For investors, the challenge is clear: Build portfolios that can thrive whether AI delivers on its promise or falls short. The key is understanding where AI exposure is most concentrated and where diversification opportunities lie. Here’s what you need to know.
1. AI’s Strength Has Bolstered Public Markets
Recent macro conditions have been challenging, but they haven’t derailed equity markets. Instead, major indices delivered double-digit gains in 2025, supported in large part by AI-related strength. Key macro headwinds include:
- US inflation: Still above the Fed’s 2% target — expected to be persistent, but not extreme.
- Interest rates: Short-term rates may ease globally, while long-term yields remain “higher for longer” amid fiscal uncertainty.
- Gold and currencies: Rising gold prices and strength in safe-haven currencies like the Swiss franc signal growing flight-to-safety and currency risk concerns.
Despite these pressures, equities have remained resilient. The dominant driver through most of 2025 was clearly AI. However, more recently, performance has improved across sectors outside of AI and the U.S., as optimism has spread.
2. A Few Stocks Are Driving Gains
AI is powering public market outperformance, but that strength remains highly concentrated. Despite broader market gains in late 2025, a handful of AI‑driven mega-caps still accounted for a disproportionate share of index earnings and market sentiment. Together, the “Magnificent Seven” (Nvidia, Microsoft, Alphabet, Meta, Amazon, Apple, Tesla) represent about 35% of the market capitalization of the top 100 global companies. This concentration creates two key risks:
- Diversification risk. Even broad benchmarks like the S&P 500 or MSCI World are dominated by these names. A stumble by any of these stocks could significantly impact indexes. As a result, owning the market no longer guarantees diversification.
- Valuation sensitivity. Elevated valuations among AI leaders have increased vulnerability to earnings disappointments or shifts in sentiment.
The big question: Are we in an AI bubble?
- The case for “yes”: Valuations are elevated, and volatility remains a clear risk.
- The case for “no”: Leading AI players are already generating substantial revenue and monetizing faster than previous tech cycles.
As always, diversification is the best defense against bubble risk. With AI exposure concentrated in public equities, private markets are essential for achieving balance and resilience.

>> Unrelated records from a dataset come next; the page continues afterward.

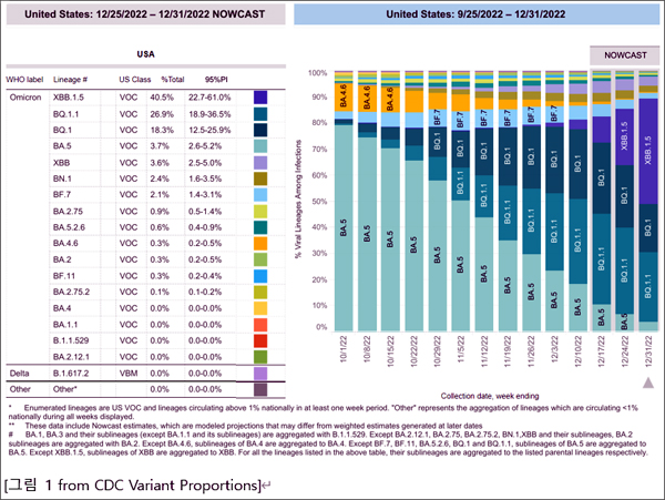 그러기에 대한민국을 지배하는 날이 빠르게 다가오고 있다. 미국에서 벌써 유입이 되었을 수도 있다. 다행히도 미국 CDD 변이 데이터가 2~3개월 후에 현실이 되기에 미리 미래를 예상할 수 있는 것도 다행이다. 질병청이 오미크론 'XBB 변이' 추이는 바짝 따라가 '기회의 창'을 잘 사용하여 대비하는 정책을 마련하면 좋겠다.
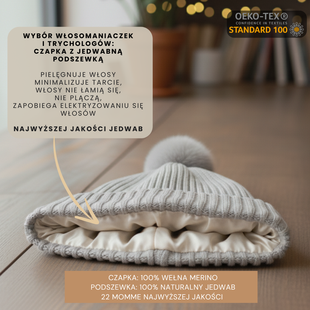 Wybierając LoveSilk, inwestujesz w najwyższą jakość, która idzie w parze z codziennym rytuałem pielęgnacji Twoich włosów. To nie tylko stylowy dodatek, ale przede wszystkim przemyślana, naturalna ochrona ich struktury. Dzięki połączeniu szlachetnej wełny i jedwabiu, produkt zachowuje swój nienaganny fason i właściwości przez wiele sezonów, dbając o Twój wygląd w każdą pogodę.
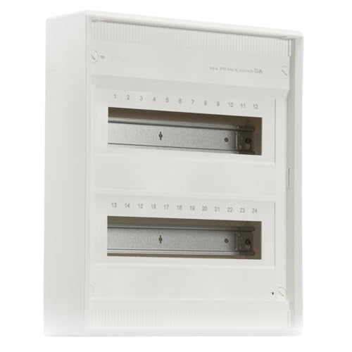 Der Hager VA 24 CN Kleinverteiler verfügt über 2 Reihen für Einbaugeräte. Jede Reihe bietet Platz für 12 Teilungseinheiten (TE), was eine Gesamtkapazität von 24 TE für Sicherungsautomaten und andere Reiheneinbaugeräte ergibt.

3. Private Markets Offer Access and Diversification
Private markets open doors to strategies and sectors that public markets can’t match, offering broader opportunity sets and different risk profiles. But they’re not immune to AI. Understanding AI exposure across strategies is essential for smart allocation. Here’s a simple guide:
Lower AI Exposure: Private Equity Buyout
- Unlike public markets, private equity typically uses AI to enhance efficiency and growth rather than as a core business model. This creates a fundamentally different risk/return profile compared to direct AI investments.
Medium AI Exposure: Infrastructure and Credit
- Private infrastructure and credit investments provide direct AI exposure such as power generators, data centers and network/fiber backbones.
High AI Exposure: Venture
- Venture offers the most direct AI exposure, but across a broader opportunity set than public markets. As the chart below shows, AI now accounts for more than 70% of VC deal value, opening the door to hard-to-access companies from seed to late stage.
AI Represents 71% of Venture Capital
AI and machine learning as a share of VC deal activity
Conclusion
Public equities are riding the AI wave, but concentration risk and valuation sensitivity are creating risks that touch all index investors.
Private markets provide access to broader AI opportunities while offering a hedge against potential corrections. Diversifying across private market strategies can help build portfolio resilience — whether AI fulfills its promise or not.